Apesar da estabilidade do nível do Jacuí na Ilha da Pintada, em Porto Alegre, ele permanece na cota de inundação e aumenta o número de ruas bloqueadas pela água. Hoje, foram feitas três remoções de quatro famílias em áreas de risco no local, que foram dirigidas ao abrigo da KTO Arena. Equipes da Defesa Civil estão percorrendo a região das Ilhas, com ação de entrega de cestas básicas no braço norte da Ilha dos Marinheiros e, junto com o Exército, ação de remoção para aquelas famílias que não tiveram a casa atingida ainda, e resgates dos que estão em áreas de risco.
"Hoje a gente mantém a operação na parte da tarde para as que estão inundadas. As pessoas não querem sair, e a gente também não tem ordem de evacuação. A gente permanece com as equipes monitorando a régua, que se estabilizou", relata Tiago Belinski, coordenador de Redução de Riscos da Defesa Civil de Porto Alegre. O rio está correndo no sentido Sul, o que é uma boa notícia para o órgão, porque o nível pode baixar nos próximos dias.
Na saída da Ilha do Pavão, sentido Eldorado do Sul, às margens da BR 290, chama a atenção a quantidade de carros estacionados em níveis mais altos, em áreas onde a água não chegou. O acesso terrestre à ilha já está bloqueado por conta dos alagamentos. Na Ilha das Flores, a água também sobe, com acessos que, até ontem liberados, hoje já bloqueados.
Alguns acessos para a Ilha da Pintada também já estão bloqueados pela água, como na rua dos Pilares. O Guaíba atinge 2,58 metros na região, de acordo com última medição da Defesa Civil, sendo que a cota de inundação é de 2,20 metros. A rua Nossa Senhora da Boa Viagem permanece uma das mais alagadas por lá, não sendo mais possível acessar com veículos terrestres.
Na rua perpendicular, Salomão Pires Abraão, o dono de um mercado, Gustavo Leal, relata que a água havia baixado, mas voltou a subir pela manhã. "Acredito que não vai mais subir tanto, mas se encher mais, não abro aqui, vou esperar baixar", relata.
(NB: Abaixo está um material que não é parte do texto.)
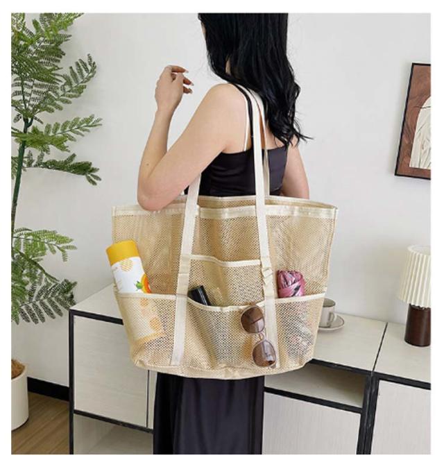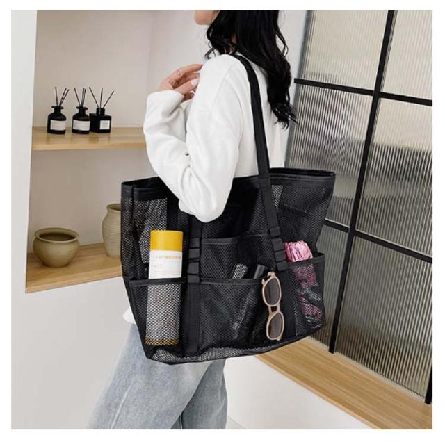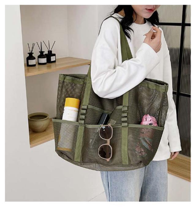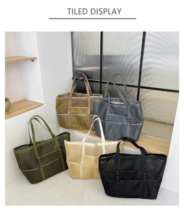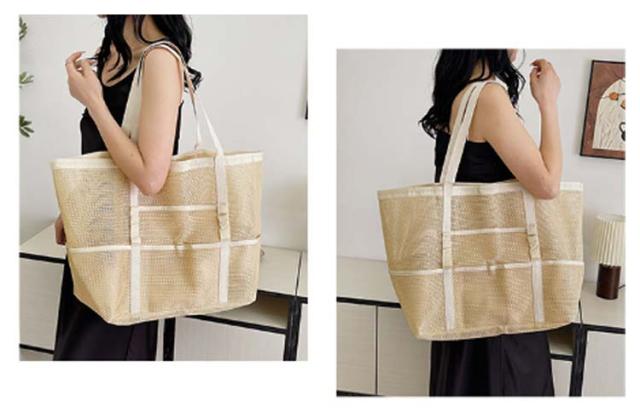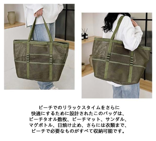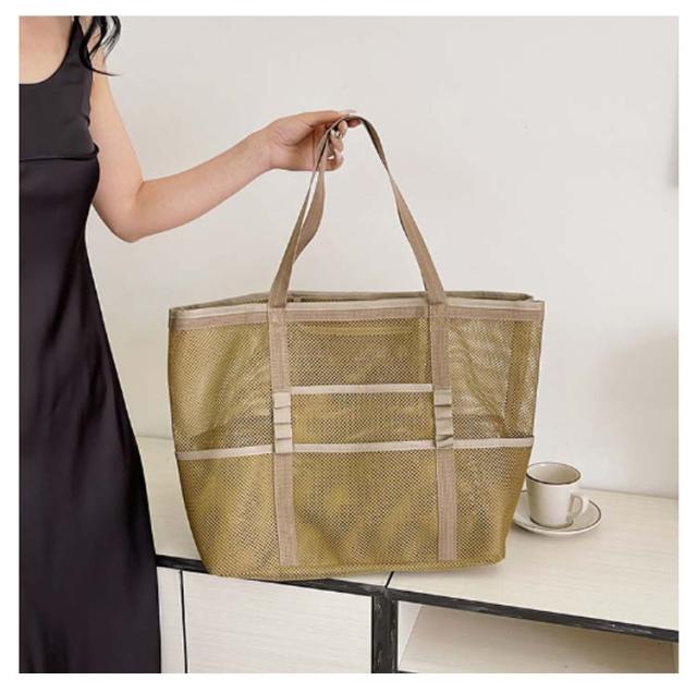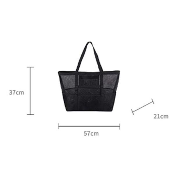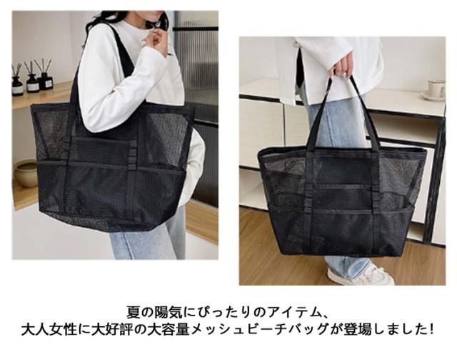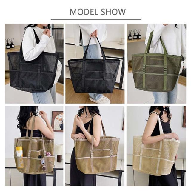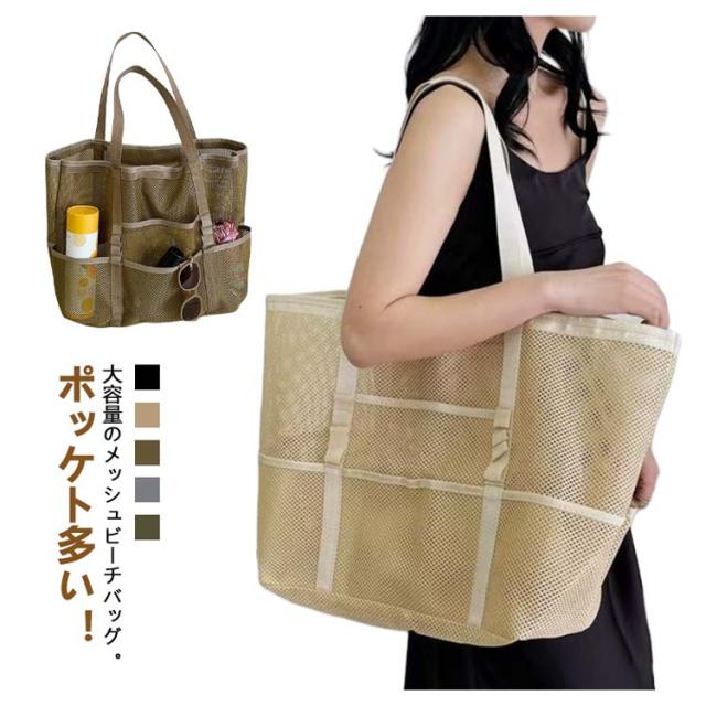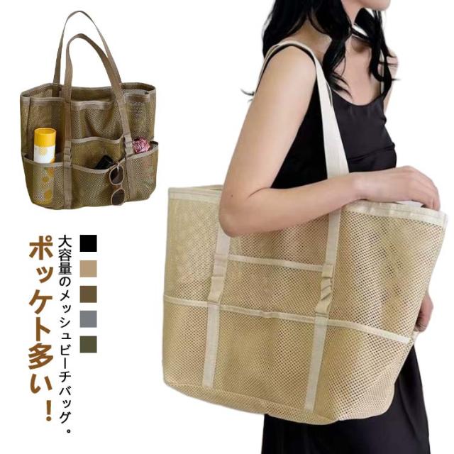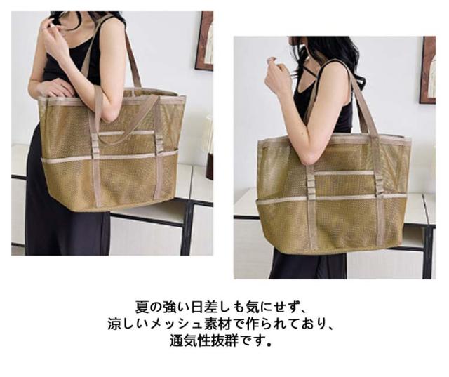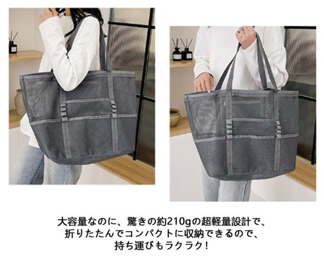 | 大容量のメッシュビーチバッグ。ポッケト多い!夏の陽気にぴったりのアイテム、大人女性に大好評の大容量メッシュビーチバッグが登場しました! ビーチでのリラックスタイムをさらに快適にするために設計されたこのバッグは、ビーチタオル数枚、ビーチマット、サンダル、マグボトル、日焼け止め、さらには衣類まで、ビーチで必要なものがすべて収納可能です。 大容量なのに、驚きの約210gの超軽量設計で、折りたたんでコンパクトに収納できるので、持ち運びもラクラク! 夏の強い日差しも気にせず、涼しいメッシュ素材で作られており、通気性抜群です。 | |

Ele diz estar acostumado a enfrentar enchentes na região. "Quase sempre tem enchente, mas de uns anos pra cá foi aumentando o volume", diz. Na do ano passado, permaneceu no segundo piso da sua casa, que fica ao lado do mercado, mas perdeu todos os pertences do estabelecimento e teve que comprar tudo de novo. Desta vez, já subiu algumas coisas e se prepara para, caso a água avance, desligue os freezers para que eles possam voltar a funcionar normalmente depois.
A moradora da rua dos Marinheiros, Neuza Silveira, de 61 anos, está abrigada em outra casa também na rua Salomão, junto com outras duas famílias, desde sábado. Usando o único casaco que conseguiu resgatar na enchente de maio do ano passado, conta que a água na rua está na altura dos joelhos. Saiu junto com seu marido, sobrinha e genro, com mais três cachorros – Farofa, Isabela e Billy. Ela foi contemplada pelo programa Compra Assistida e aguarda o processo de liberação para mudar-se para Pinhal.
Nas ruas Japeju e Bananal, o acesso só é possível com barco por conta do alagamento. Vagner Batista de Abreu Rodrigues, morador da rua Bananal, estava carregando, em uma mão, uma televisão e, em outra, um cooler. “Estamos levando tudo de mais valor, porque começou a voltar os roubos. Tem enchente, tem roubo”, diz. Ele está indo para a Lomba do Pinheiro. “A água está entrando pela minha porta e já está molhando tudo”, relata.
Nível do Guaíba pode atingir e oscilar na cota de inundação
A Defesa Civil de Porto Alegre projeta que os volumes de água dos rios afluentes devem chegar ao Guaíba entre essa terça e quarta-feira, podendo manter os níveis elevados e de que, no Cais Mauá, permaneça acima da cota de alerta. A possibilidade é de atingir e ficar oscilando em torno da cota de inundação (3 metros) ainda nas próximas horas desta terça-feira. Tudo depende das variações provocadas pelo vento e pela chegada do volume de água.
Nesta manhã, o Guaíba apresentava agitação e ondas. O nível está em 2,84 metros, conforme última medição no Cais Mauá, subindo cinco centímetros nas últimas 12 horas e chegando ao quinto dia consecutivo na cota de alerta.